Prosecutors on Tuesday charged a 98-year-old who features on Nazi-hunting Simon Wiesenthal Center’s wanted list with war crimes, saying he had helped to deport Jews to Auschwitz in World War II.
Laszlo Csatary was found guilty in absentia in 1948 of whipping or torturing Jews and helping to deport them to the death camp while serving as police commander in the Nazi-occupied eastern Slovak city of Kosice in 1944.
The Hungarian was sentenced to death and lived on the run for decades until Hungarian authorities detained him and put him under house arrest in Budapest in July last year. He has denied any guilt.
June 2013
A top commander of a Nazi SS-led unit accused of burning villages filled with women and children lied to American immigration officials to get into the United States and has been living in Minnesota since shortly after World War II, according to evidence uncovered by The Associated Press.

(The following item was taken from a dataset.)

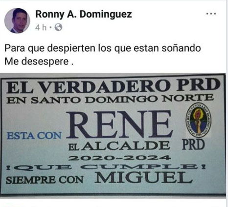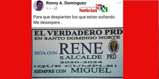 Santo Domingo Norte.- Gran revuelo a ocasionado en las redes la publicación de un dirigente del Partido Revolucionario Dominicano-PRD en SDN, tras este asegurar que «el verdadaro PRD está con René«, aludiendo el apoyo al actual alcalde como candidato al puesto que ocupa para las elecciones del 2020.

Michael Karkoc, 94, told American authorities in 1949 that he had performed no military service during World War II, concealing his work as an officer and founding member of the SS-led Ukrainian Self Defense Legion and later as an officer in the SS Galician Division, according to records obtained by the AP through a Freedom of Information Act request. The Galician Division and a Ukrainian nationalist organization he served in were both on a secret American government blacklist of organizations whose members were forbidden from entering the United States at the time.

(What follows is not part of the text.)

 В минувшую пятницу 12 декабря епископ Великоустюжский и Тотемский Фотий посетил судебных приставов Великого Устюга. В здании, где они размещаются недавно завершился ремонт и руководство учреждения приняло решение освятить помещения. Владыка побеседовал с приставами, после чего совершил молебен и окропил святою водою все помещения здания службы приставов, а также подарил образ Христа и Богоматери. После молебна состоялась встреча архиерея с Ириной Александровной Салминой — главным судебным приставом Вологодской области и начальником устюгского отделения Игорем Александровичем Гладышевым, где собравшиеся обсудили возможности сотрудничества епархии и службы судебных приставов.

The U.S. government has recovered 400 pages from the long-lost diary of Alfred Rosenberg, a confidante of Adolf Hitler who played a central role in the extermination of millions of Jews and others during World War II.
“The documentation is of considerable importance for the study of the Nazi era, including the history of the Holocaust,” said the assessment, prepared by the United States Holocaust Memorial Museum in Washington. “A cursory content analysis indicates that the material sheds new light on a number of important issues relating to the Third Reich’s policy. The diary will be an important source of information to historians that compliments, and in part contradicts, already known documentation.”